Motivation: I am driven by the goal of ensuring that advanced AI systems and their use in real-world settings remain safe, reliable, and aligned with human and organizational needs. To this end, I aim to develop both:
- Technically grounded solutions with strong theoretical and empirical foundations.
- Practical frameworks for deploying and monitoring AI/ML systems in security-sensitive and industrial environments.

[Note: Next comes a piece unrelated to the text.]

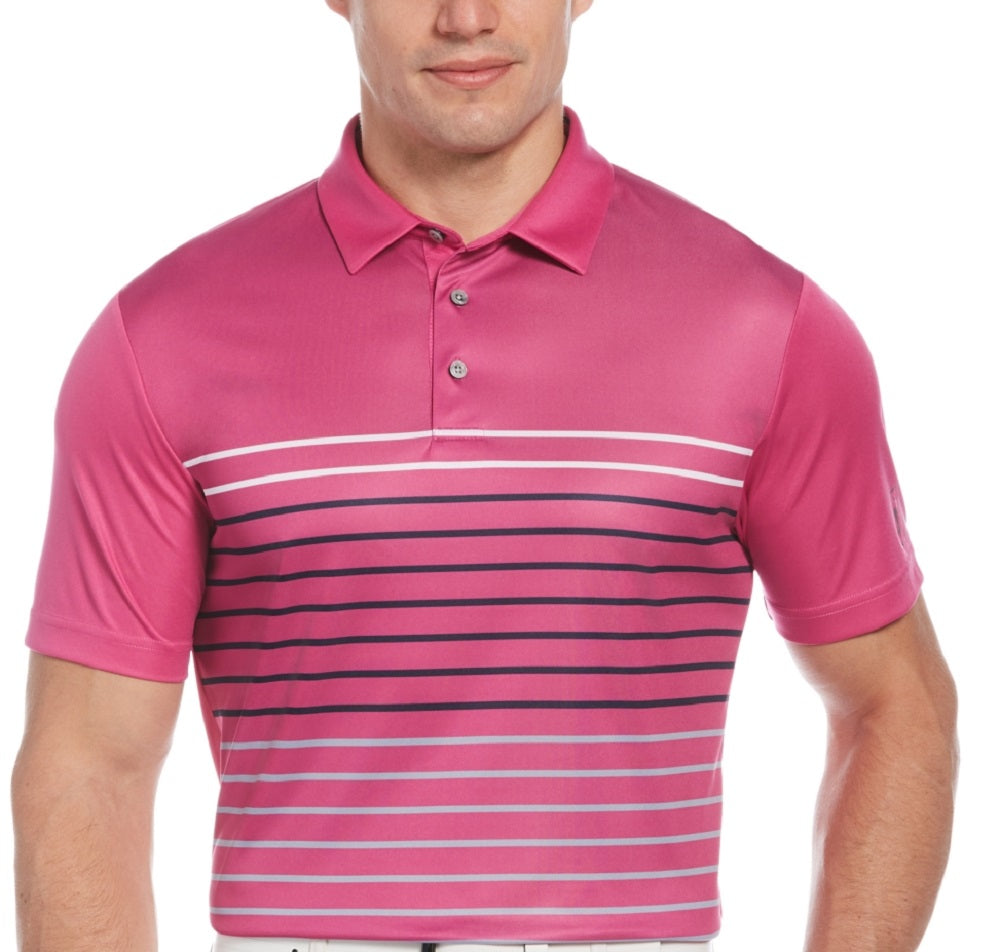 Update your seasonal golf attire with this fashionable and functional PGA Tour golf polo. A high contrast stripe print pops for a fresh look on or off of the course and Moisture Wicking technology helps you stay dry and comfortable. | Polo collar| Three-button placket| Stretch shoulder seams| Wicking fabric helps evaporate moisture| UPF 15 sun protection| Polyester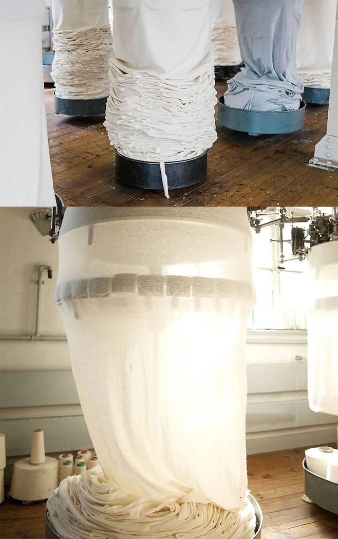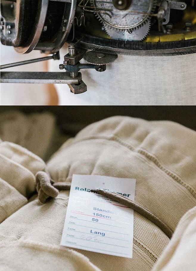 메르츠 비 슈바넨의 가장 큰 특징은 루프 휠러로 작업한다는 점이다. 루프 휠러는 천 개가 넘는 바늘이 마치 뜨개질을 하듯 위아래로 움직이고, 동시에 느리게 회전하면서 옷감을 짜는 기계를 말한다. 이렇게 완성된 직물이 오늘날 ‘저지’라고 알려진 빈티지한 느낌의 면이다. 원통을 그리며 둥글게 회전하며 옷감을 만들었기 메르츠 비 슈바넨 의류의 양 옆구리에는 봉제선이 없다. 또한 소매와 몸통은 삼각 커팅 기법을 사용해 연결했기 때문에 겨드랑이와 같은 이음새 부분이 인체공학적으로 설계되어 있다. 메르츠 비 슈바넨의 셔츠가 착용감이 유독 편안한 이유는 이 때문이다.

This passion is deeply rooted in my background in computer science and cyber security, and in my experience building and monitoring real-world systems (e.g. PCI DSS–compliant monitoring and ML pipelines). I believe that making AI safe and trustworthy in production requires both rigorous methods and a clear focus on security, interpretability, and responsible use.
Bio:
I am a Master's student in Artificial Intelligence for Industrial Applications at Ostbayerische Technische Hochschule Amberg-Weiden, Germany. I have a strong foundation in Computer Science Engineering with a specialization in Cyber Security from Rashtriya Raksha University, India. I have worked as a Software Engineer at Digion Software, building real-time data pipelines and PCI DSS–compliant monitoring systems, and completed a Developer Internship with Salesforce. I am passionate about applying AI/ML to security, NLP, and data-driven systems.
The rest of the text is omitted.